Konstruktiver Aufbau von Wandclosetts
Ein Wandclosett wird nicht auf dem Boden abgestellt, sondern an einer tragfähigen Konstruktion oder an einem dafür vorgesehenen Installationselement befestigt. Der Spülkasten liegt meist verdeckt hinter der Wandverkleidung oder in einer Vorwand. Sichtbar bleiben das Closettbecken, der Sitz und die Spülauslösung. Dadurch unterscheiden sich Wandclosetts konstruktiv von bodenstehenden Lösungen, bei denen die Last direkt über den Boden abgetragen wird.
Einsatz im Badezimmer und bei Sanitärumbauten
Wandclosetts werden im Neubau und bei Badumbauten eingesetzt, wenn eine integrierte Sanitärinstallation mit verdeckten Anschlüssen vorgesehen ist. Sie eignen sich für Badezimmer mit Vorwandkonstruktionen ebenso wie für Sanierungen, bei denen Leitungen und Spülkasten neu geordnet werden. In der Planung sind insbesondere die verfügbare Einbautiefe, die Anschlusslage und die spätere Zugänglichkeit für Wartungsarbeiten zu berücksichtigen.

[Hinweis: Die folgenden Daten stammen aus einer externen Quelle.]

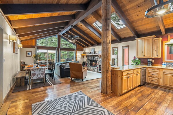 Timberwood Cabin is a cozy 3-bed, 2-bath home in Carnelian Bay blending rustic Tahoe charm with modern comfort. Enjoy a private hot tub, stone fireplace, vaulted ceilings, and a vintage vinyl collection. Pet-friendly and single-level, it’s close to Patton Beach, Gar Woods, tennis courts, and year-round Lake Tahoe adventure.

Typische Ausführungen und Planungsmerkmale
Wandclosetts sind in unterschiedlichen Formen, Ausladungen und Keramikgeometrien erhältlich. Je nach Grundriss kommen kompaktere oder weiter ausladende Modelle in Frage. Auch die Einbauhöhe, die Form des Beckens und die Ausführung des Sitzes beeinflussen Nutzung und Reinigung. Bei der Auswahl wird das Closett daher nicht isoliert betrachtet, sondern zusammen mit Vorwandsystem, Spültechnik und Platzverhältnissen im Raum geplant.
Abgrenzung zu Standclosetts und Closett-Zubehör
Innerhalb der Leistung Closett bezeichnen Wandclosetts die eigentliche Sanitäreinheit in wandhängender Ausführung. Sie sind von Standclosetts abzugrenzen, die auf dem Boden stehen und andere Anforderungen an Montage und Anschlussführung stellen. Closettbürstenhalter und Closettentlüftungsapparate gehören dagegen zum Zubehör oder zu ergänzenden Systemen, ersetzen aber kein Closett. Wandclosetts sind damit eine eigene Ausprägung des Closetts im Innenausbau.